S0~S6:步驟S0~S6: Steps

Claims

A method of marking an image, the method comprising: obtaining a target image of a target object; generating a reconstructed image according to the target image and a reconstruction model, wherein the reconstruction model adopts a plurality of reference images and a machine learning algorithm obtained from training, each of the reference images is an image of a reference object and the defect degree of the reference object falls within an allowable range with an upper limit, and each of the reference objects is associated with the target object; according to the target The image and the reconstructed image respectively execute a first difference algorithm and a second difference algorithm to generate a first difference image and a second difference image respectively; and execute a difference according to the first difference image and the second difference image Pixel scale operations are performed to generate an output image, wherein the output image includes an indication of a defect of the target object.

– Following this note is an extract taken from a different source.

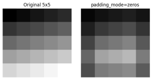 padding_modeという引数を指定することで、畳み込みの際に周辺のデータをどのように埋めるかを制御できます。公式のドキュメントでは、このパラメータに指定できるオプションが記載されていますが、その詳細や実際の挙動については明確にされていません。そこで、今回は padding_modeを変更し、簡易的な白黒画像に対して畳み込み処理を実行して、その挙動を観察していきます。
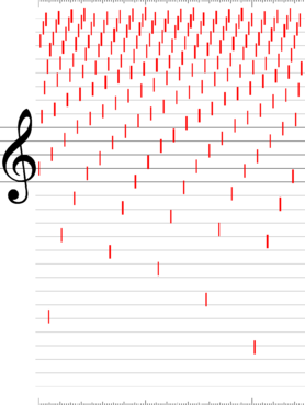 In this representation, natural notes are shown in their exact position; semitones are shown midway between their adjacent natural notes (for example, G sharp midway between G and A). For all other notes, the vertical position is determined by the exact interval of their frequency from the next higher and next lower natural note.

The method of labeling an image of claim 1, wherein the reconstruction model is an autoencoder.

The method for labeling an image as claimed in claim 1, wherein the first difference algorithm comprises: generating a first feature map according to the target image and a neural network model; generating a first feature map according to the reconstructed image and the neural network model two feature maps; and calculating a difference degree between the first feature map and the second feature map, wherein the first difference image includes the difference degree.

The method for labeling an image as claimed in claim 3, wherein the neural network model is SqueezeNet.

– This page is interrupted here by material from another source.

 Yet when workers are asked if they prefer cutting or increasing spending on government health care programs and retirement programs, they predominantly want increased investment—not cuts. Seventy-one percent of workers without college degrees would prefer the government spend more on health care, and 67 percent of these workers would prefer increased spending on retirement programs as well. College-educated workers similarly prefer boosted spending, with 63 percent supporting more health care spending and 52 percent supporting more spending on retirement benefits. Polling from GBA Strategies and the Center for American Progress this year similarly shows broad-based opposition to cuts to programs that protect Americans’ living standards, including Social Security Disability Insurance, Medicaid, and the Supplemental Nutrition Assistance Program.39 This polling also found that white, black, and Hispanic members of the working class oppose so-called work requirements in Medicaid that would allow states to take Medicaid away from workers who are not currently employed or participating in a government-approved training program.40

The method for labeling an image as claimed in claim 3, wherein the neural network model is trained on a plurality of images unrelated to the target object.

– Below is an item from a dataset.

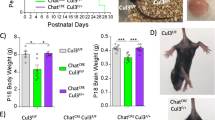 The brain tissues were homogenized in RIPA buffer (20 mmol/L TRIS-HCl pH = 7.5, 150 mmol/L NaCl, 1 mmol/L EDTA, 1% Triton X-100, 0.5% sodium deoxycholate, 0.1% SDS, 20 mmol/L NaF, and 1 mmol/L PMSF). Supernatants were collected after centrifugation for 10 min at 13,000×g. An aliquot of 40 µg total protein from each sample was run on 10% SDS/PAGE gels and transferred to a nitrocellulose membrane, which was then blocked with 5% nonfat milk in PBS (pH 7.4). The membranes were incubated with primary antibodies against ChAT (1:1000, AB144P, Millipore) or GAPDH (1:3000, Kangchen, China) at 4 °C overnight. Secondary antibodies conjugated with horseradish peroxidase against either goat or mouse IgG (1:3000, Multi Sciences, China) were performed for 2 h at room temperature and blots were exposed to ECL Western blotting detection reagents (Multi Sciences, China). Signals were acquired with a gel documentation system (Tanon 5200, China) and quantified with Image Pro Plus (version 6.0).

The method for marking an image as claimed in claim 1, wherein the second difference algorithm comprises: calculating a relative error value according to each pixel of the reconstructed image and the target image.

A method of labeling an image as claimed in claim 6, wherein the relative error value is a squared error or an absolute value error.

The method of marking an image of claim 1, wherein the pixel scale operation is a bitwise multiplication.

The method for marking an image as claimed in claim 1, wherein the output image is a first output image, and after the pixel scale operation is performed according to the first difference image and the second difference image to generate the output image, further comprising: : perform a binarization process on the first output image to generate a third output image and a fourth output image according to a first threshold and a second threshold, wherein the first threshold is greater than the second threshold; select the A defective block in the third output image; and according to a position corresponding to the defective block in the fourth output image, determining whether pixels around the position have defects to selectively extend the defective block.